Thanks Kim! It doesn't seem like much but they are all baby steps towards getting back into the hobby


----------



## user_error (Aug 15, 2010)

good luck with your neons. sadly all 4 of the ones i got from IPU burnaby have died, along with two of the corries i bought... i seem to have bad luck with fish from that store


----------



## lar (Apr 21, 2010)

I am having problem keeping neons too.


----------



## Rastapus (Apr 21, 2010)

user_error said:


> good luck with your neons. sadly all 4 of the ones i got from IPU burnaby have died, along with two of my corries... i seem to have bad luck with fish from that store


There's something I don't like to hear. Can I ask what your water parameters are and are you adjusting your hardness? Losing new additions almost always leads us back to the water.


----------



## user_error (Aug 15, 2010)

Rastapus said:


> There's something I don't like to hear. Can I ask what your water parameters are and are you adjusting your hardness? Losing new additions almost always leads us back to the water.

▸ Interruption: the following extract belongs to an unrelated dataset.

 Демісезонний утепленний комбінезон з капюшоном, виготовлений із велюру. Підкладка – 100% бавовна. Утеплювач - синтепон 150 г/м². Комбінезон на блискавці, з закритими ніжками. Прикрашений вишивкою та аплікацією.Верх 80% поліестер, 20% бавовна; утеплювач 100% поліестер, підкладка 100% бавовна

hmm i wasn't really trying to point the finger @ IPU, you've done a lot to educate people about the local water issues like hardness. and i don't want trying to hijack teija's thread so maybe i'll pm you that info privately... but just so you know my experiences one of the neons i bought had already expired in the bag before i even got it home. normally i'd inspect the fish i am getting a little more closely but it was pretty hard with all of those baby neons


----------



## Rastapus (Apr 21, 2010)

Understood, agreed.


----------



## Acipenser (Apr 21, 2010)

I find neons to not be very hardy, I would bump up the temp in the tank for them a few degree's !


----------



## teija (Sep 30, 2010)

I lost two neons - one from each batch. The first one probably died within hours, the second one was nearly dead by the time I got the bag floating, never made it into the tank.  But with such small neons I wasn't particularly surprised. I just hope the rest are ok over the longer term!


----------



## teija (Sep 30, 2010)

D'oh... found 2 more neons dead yesterday before Thanksgiving dinner.  That's one batch done for... Good thing they were only 4 for $1.99.


----------